No Record, New Trial

Some state court litigators scoff at the need for paying for a court reporter’s presence at trial. But the importance of having an adequate record on appeal cannot be over-emphasized. In some instances, the absence of a record has caused the courts to dismiss an appeal entirely. But the Fifth DCA recently went one step further and ordered a new trial, even though a technological malfunction, not party failure to preserve the record, was to blame for the lack of a transcript.

Practice Lesson: If there is any chance of appealable error — and isn’t there always? — ensure you get a transcript!
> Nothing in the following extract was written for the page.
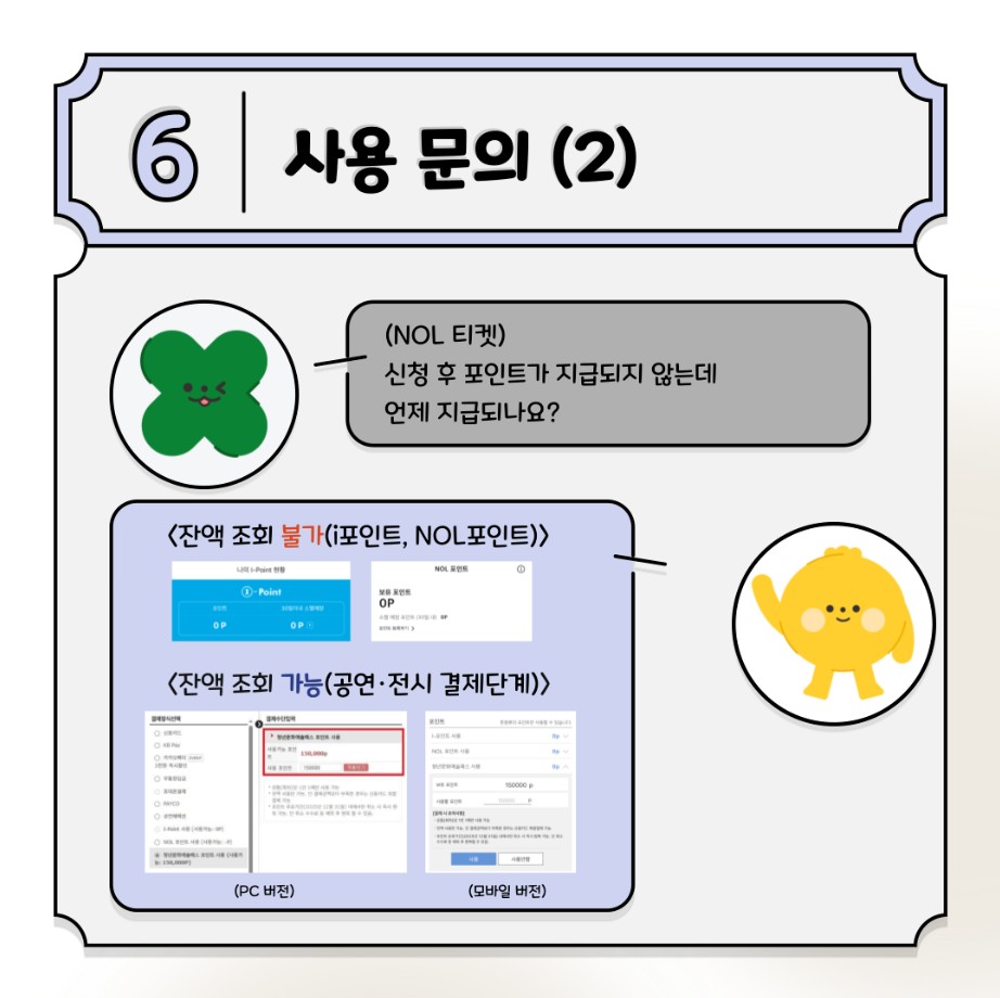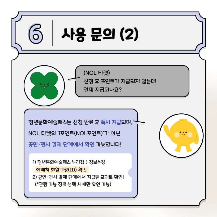 발급 후 선택한 예매처(YES24 또는 NOL) 포인트로 지급되어 해당 플랫폼에서 예매·결제 시 자동 차감됩니다.

Electronic Filing in the Florida Courts

The Florida Supreme Court this week issued an administrative order (.pdf) setting standards for electronic access to the courts. By Ocober 1, 2009, the clerks of court are supposed to implement The Florida Courts E-Portal, which will serve as a central location for filing and retrieving court dockets.

There are some interesting tidbits. If the system is down for more than an hour, the due date of a filing may be automatically moved to the next business day. The court intends to adopt a rule to establish when an e-filing is accomplished for purposes of the record. Like the federal courts, the new state court system will allow for electronic signatures in the “s/John Doe” format, from litigants as well as judges.

In the meantime, all five of Florida’s intermediate appellate courts have a standing administrative order about when electronic filing of motions or briefs to that court is required or encouraged. Until the new standards are implimented, such filing is accomplished by e-mail. And since there is no mention of these requirements in the Florida Rules of Appellate Procedure, they can be a gotcha if you are not aware. For your reference, here are links to all of the standing orders on e-filing in the Courts of Appeal.

Coming soon

The Florida Appellate Procedure weblog is awaiting cert.